The Security cars scattered to the roadside and gave up pursuit as the
chopper engaged them with rockets and machine guns. The way to the mine
entrance was clear.
More resistance no doubt awaited at the mine. That chopper was
busy; I had to deal with it myself. A quarter of a mile from the mine
entrance, I bade the Senator to stop the car.
"Thanks for the lift, Senator. Sorry about your wheels."
"I think the taxpayers can afford it. What now?"
"I take the mine.
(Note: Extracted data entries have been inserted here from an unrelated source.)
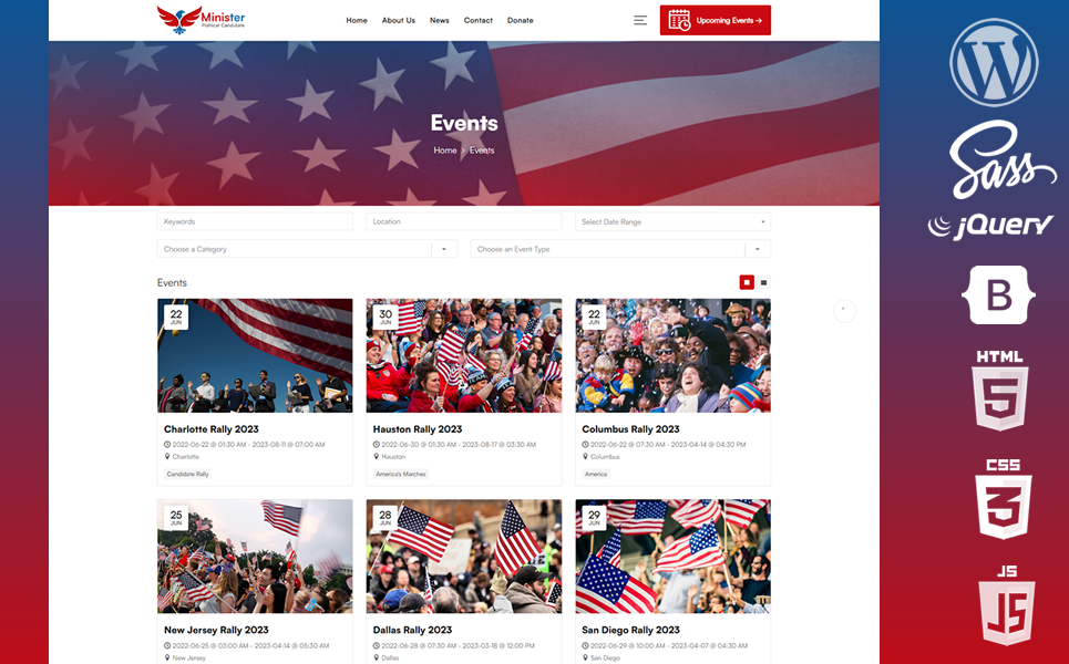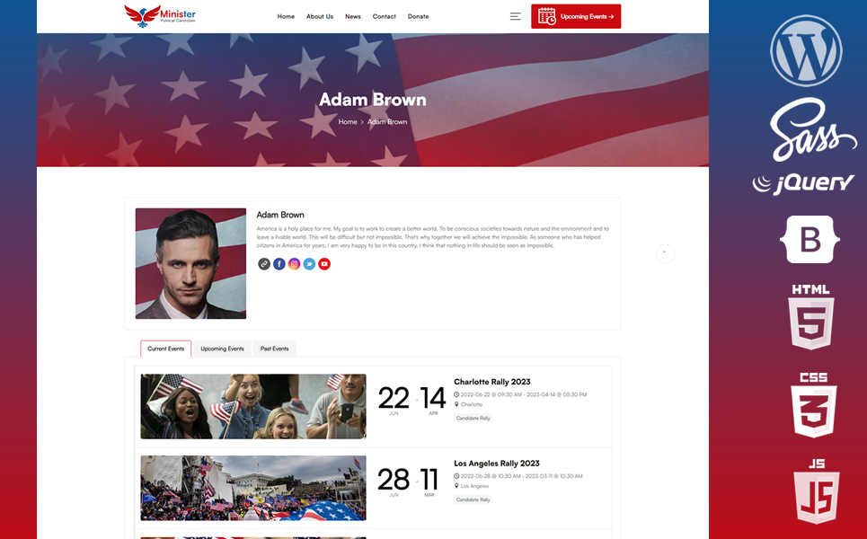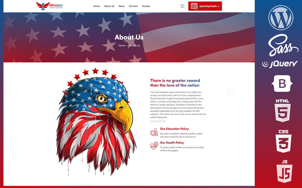 Minister WordPress Theme is custom WordPress Theme made for Political Candidate, Politician, Politics, Political Party, Government, State, Candidate and Political Events.
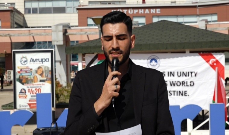 Üniversitenin İlahiyat Kulübü Başkanı Eyüp Başaran topluluk adına basın açıklaması yaptı. Başaran, İsrail’in saldırılarının Gazze ile sınırlı kalmadığını belirterek Lübnan ve Yemen’e sıçradığını söyledi.
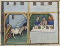 Parigi, Bibliothèque de l'Arsenal, 5070, f. 215v. Il copista del manoscritto è Guillebert de Mets. L'asino calpesta le dita dell'amante nascosto sotto la stia del pollame; Pietro di Vinciolo siede a tavola con la moglie e l'amante di lei.
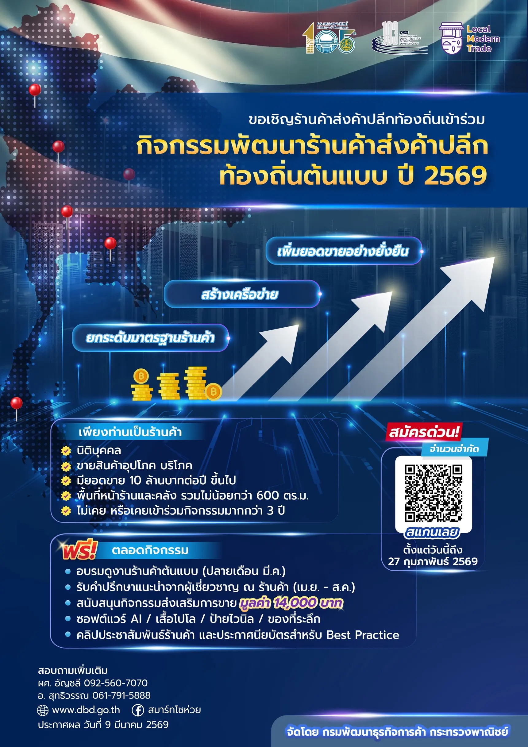 สถาบันนวัตกรรมและธุรกิจการค้าเสรี มหาวิทยาลัยเกษมบัณฑิต ขอเชิญชวนร้านค้าส่งค้าปลีกท้องถิ่นทั่วประเทศ สมัครเข้าร่วมกิจกรรมพัฒนาร้านค้าส่งค้าปลีกท้องถิ่นต้นแบบ ประจำปี 2569 เพื่อยกระดับมาตรฐานร้านค้า สร้างเครือข่าย และเพิ่มยอดขายอย่างยั่งยืน
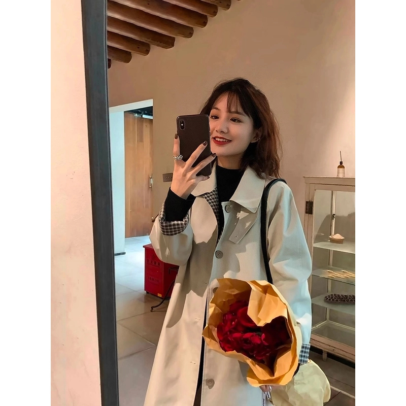 风衣外套女2025年新款春秋中长款小个子韩系格纹爆款chic早秋大衣
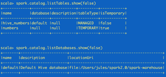 //fetch metadata data from the catalog`` ``spark.catalog.listDatabases.show(``false``)`` ``spark.catalog.listTables.show(``false``)
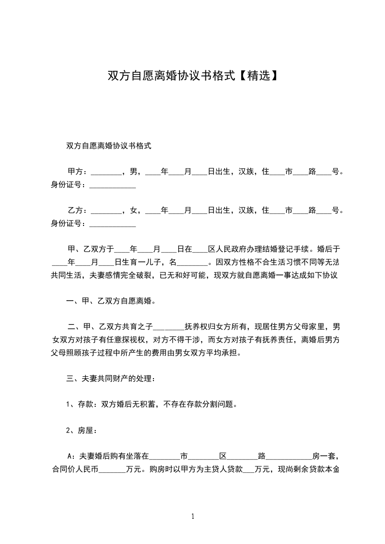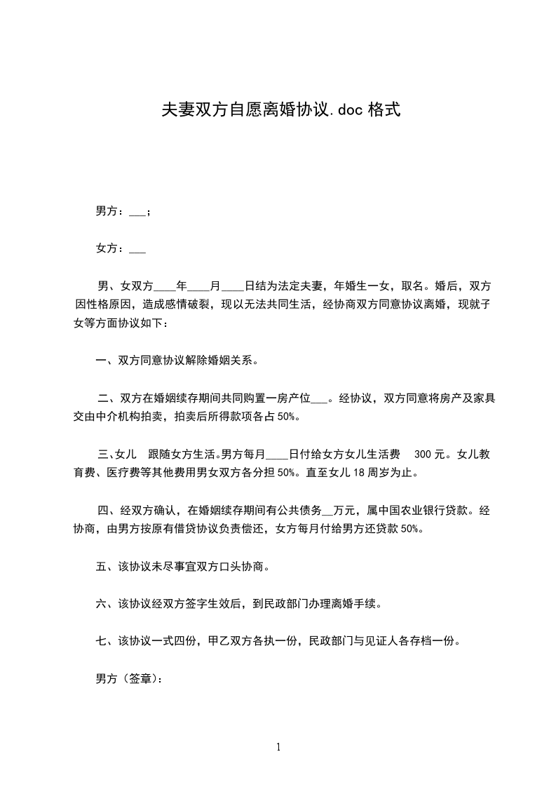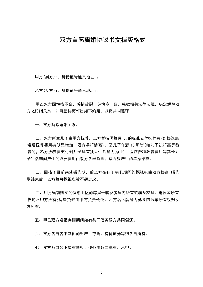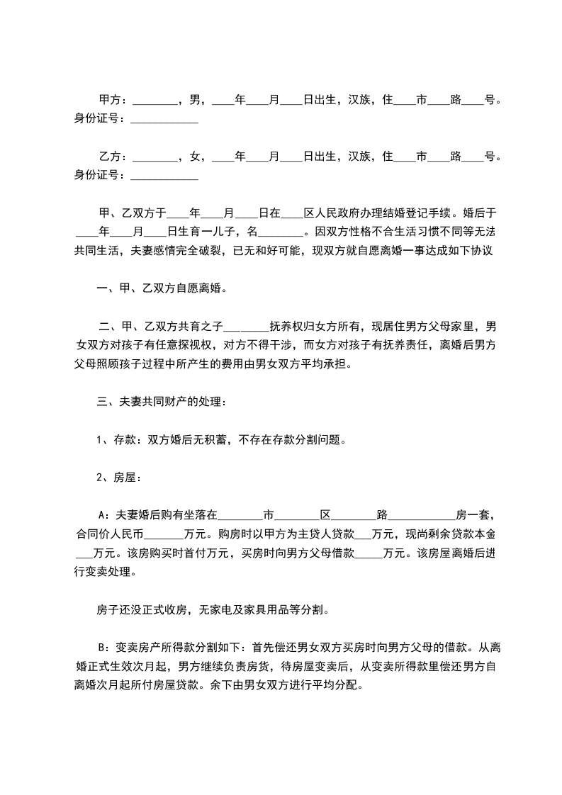 甲、乙双方于____年____月____日在____区人民政府办理结婚登记手续。婚后于____年____月____日生育一儿子,名________。因双方性格不合生活习惯不同等无法共同生活,夫妻感情完全破裂,已无和好可能,现双方就自愿离婚一事达成如下协议:
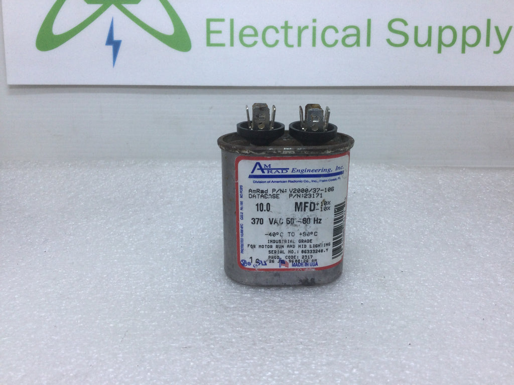 Amrad Capacitor 10.0 MFD +/- 10% 370V 50-60Hz V2000/37-106 P/N 23171

You've got to get as many people as you can out
of this area. The mine should contain the blast, but there will be a
hell of a shock."
"Good luck, Spike."
"You're the one who'll need that, Senator. You've got to put this
Country back together. All I've got to do is dispose of some of the
last Administration's garbage, here." I patted the deadly suitcase. Its
flickering blue display continued the silent, businesslike counting.
1:58:33... 1:58:32... 1:58:31
The Senator sped away and I mounted the bike. I could not try the
main gate, it was too heavily guarded. I would have to get onto the
grounds some other way and find my way to the entrance to the mine
shaft. Though time was of the essence, I would have but one chance to
do this right, so I took my time in careful preparations. I blacked out
my face and donned black gloves. I taped together the remaining MAC-10
magazines and tucked them into pockets in the fresh black jumpsuit I'd
obtained from the panniers. Six grenades hung from my belt.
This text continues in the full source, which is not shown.